▶ [Task brief]
Only the lines from the one containing "Kuruyultu (3 Colours)" through the end of the data below are to be repeated, exactly as given, without pictures.

▶ [Data]
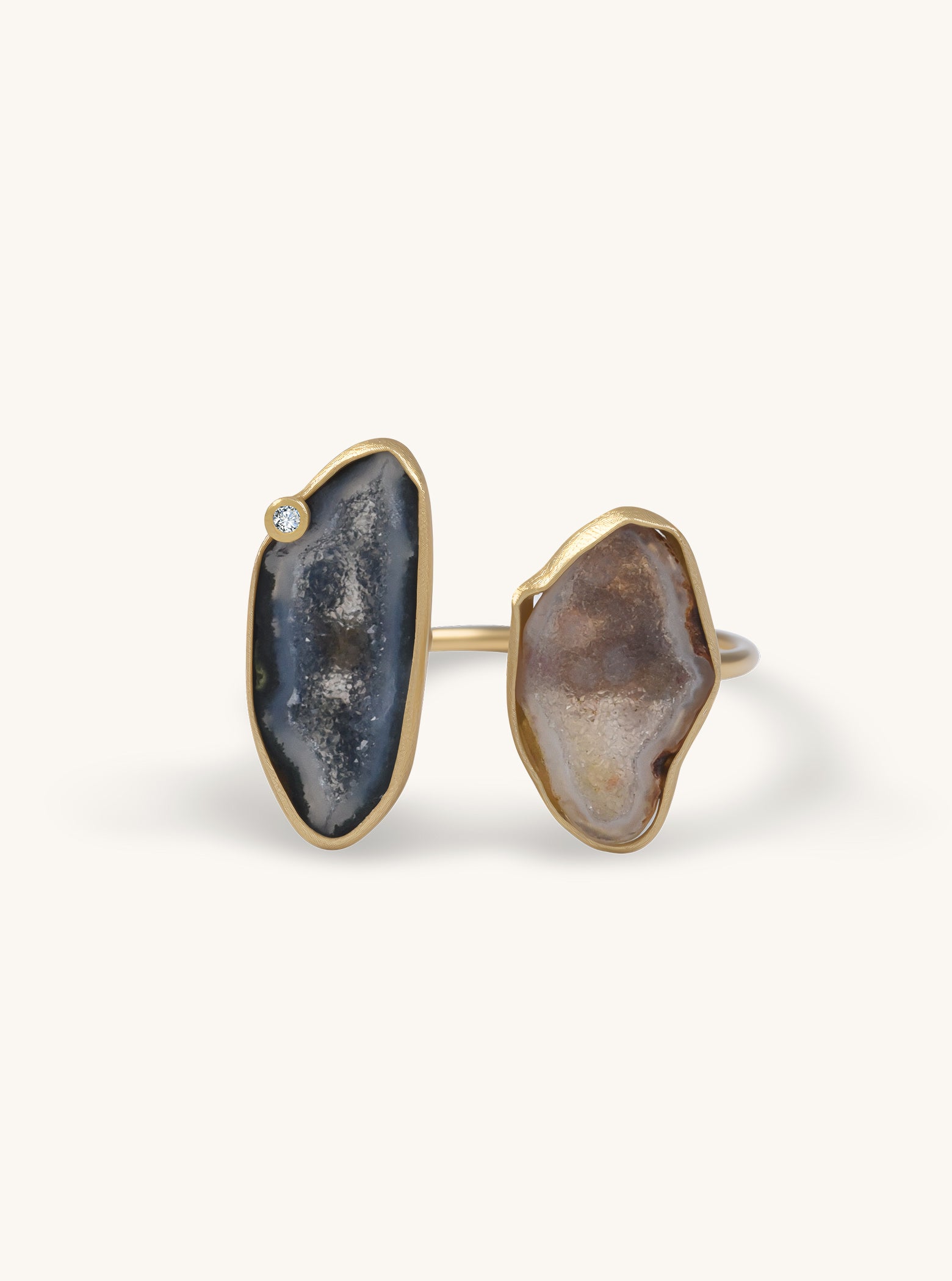 Two natural geodes sparkle with crystalline depth, framed in 18k solid gold and paired with a subtle diamond accent. Each ring is completely unique — a wearable expression of earth’s natural artistry and refined craftsmanship.
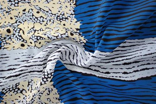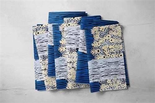 Kuruyultu (3 Colours) Fabric – Blues and White on Black (Tuscany Linen) 50cm
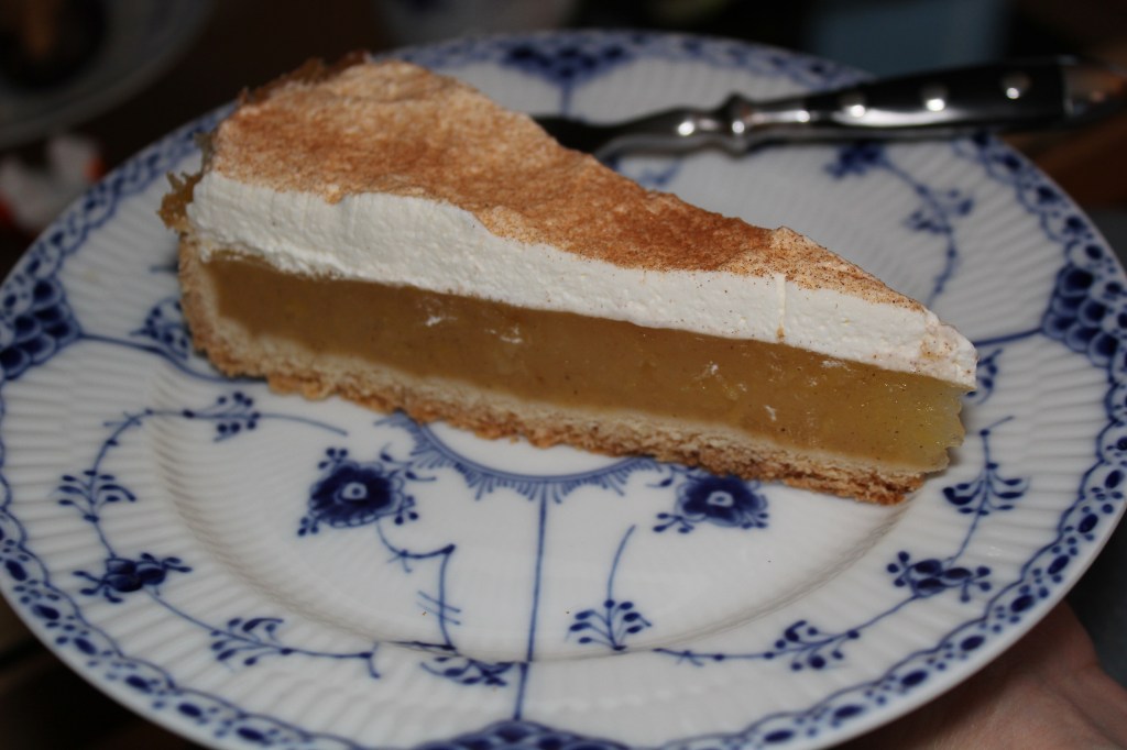 - Die heiße Apfel-Sekt-Zucker-Mischung wird in den Teigrand gefüllt. VORSICHT: Die Masse ist sehr heiß!

▶ [Written solution]
 Kuruyultu (3 Colours) Fabric – Blues and White on Black (Tuscany Linen) 50cm
 - Die heiße Apfel-Sekt-Zucker-Mischung wird in den Teigrand gefüllt. VORSICHT: Die Masse ist sehr heiß!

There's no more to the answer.